What you should do | Write out the listing below exactly, beginning at its first line and ending with the line that contains "先生と一緒に学級園の草抜きをしている様子が見られます。".

Segment Start: Supplied material

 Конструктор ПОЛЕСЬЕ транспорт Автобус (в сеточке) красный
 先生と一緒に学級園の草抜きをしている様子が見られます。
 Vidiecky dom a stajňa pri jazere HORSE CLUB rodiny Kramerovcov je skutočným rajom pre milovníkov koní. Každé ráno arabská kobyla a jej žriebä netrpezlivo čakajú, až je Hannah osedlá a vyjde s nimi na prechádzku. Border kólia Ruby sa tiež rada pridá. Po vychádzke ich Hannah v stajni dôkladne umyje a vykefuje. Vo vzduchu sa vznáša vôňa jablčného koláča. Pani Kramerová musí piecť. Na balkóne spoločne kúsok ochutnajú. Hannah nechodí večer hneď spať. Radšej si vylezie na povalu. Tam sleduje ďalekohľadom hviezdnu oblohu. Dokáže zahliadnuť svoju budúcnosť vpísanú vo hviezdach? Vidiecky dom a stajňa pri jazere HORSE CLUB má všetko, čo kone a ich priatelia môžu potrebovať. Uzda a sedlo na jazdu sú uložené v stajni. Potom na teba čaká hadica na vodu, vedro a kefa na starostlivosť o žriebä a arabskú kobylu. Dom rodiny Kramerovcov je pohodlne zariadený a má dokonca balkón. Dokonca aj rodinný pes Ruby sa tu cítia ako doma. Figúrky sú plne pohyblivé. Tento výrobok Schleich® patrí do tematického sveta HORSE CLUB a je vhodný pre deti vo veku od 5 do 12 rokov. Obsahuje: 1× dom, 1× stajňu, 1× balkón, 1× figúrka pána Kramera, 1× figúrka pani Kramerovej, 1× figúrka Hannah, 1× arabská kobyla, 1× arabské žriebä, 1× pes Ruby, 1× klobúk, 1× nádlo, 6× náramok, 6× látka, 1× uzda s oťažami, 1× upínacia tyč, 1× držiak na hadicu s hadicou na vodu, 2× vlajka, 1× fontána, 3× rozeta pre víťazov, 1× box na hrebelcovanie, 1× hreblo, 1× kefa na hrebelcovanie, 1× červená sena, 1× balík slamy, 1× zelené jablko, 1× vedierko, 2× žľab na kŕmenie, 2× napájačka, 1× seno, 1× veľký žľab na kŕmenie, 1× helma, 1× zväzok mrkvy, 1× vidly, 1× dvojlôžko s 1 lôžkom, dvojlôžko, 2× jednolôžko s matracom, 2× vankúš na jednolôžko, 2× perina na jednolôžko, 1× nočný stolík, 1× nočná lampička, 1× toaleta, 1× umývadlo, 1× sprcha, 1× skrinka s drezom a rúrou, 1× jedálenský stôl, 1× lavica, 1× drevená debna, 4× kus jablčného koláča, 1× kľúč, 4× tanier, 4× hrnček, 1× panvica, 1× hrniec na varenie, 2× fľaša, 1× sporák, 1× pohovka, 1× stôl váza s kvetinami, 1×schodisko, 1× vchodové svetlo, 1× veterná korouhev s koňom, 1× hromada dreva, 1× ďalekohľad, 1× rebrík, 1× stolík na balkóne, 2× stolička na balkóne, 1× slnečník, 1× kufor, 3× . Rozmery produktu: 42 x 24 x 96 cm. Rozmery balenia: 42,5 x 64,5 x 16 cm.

Segment End: Supplied material

Your response |
 Конструктор ПОЛЕСЬЕ транспорт Автобус (в сеточке) красный
 先生と一緒に学級園の草抜きをしている様子が見られます。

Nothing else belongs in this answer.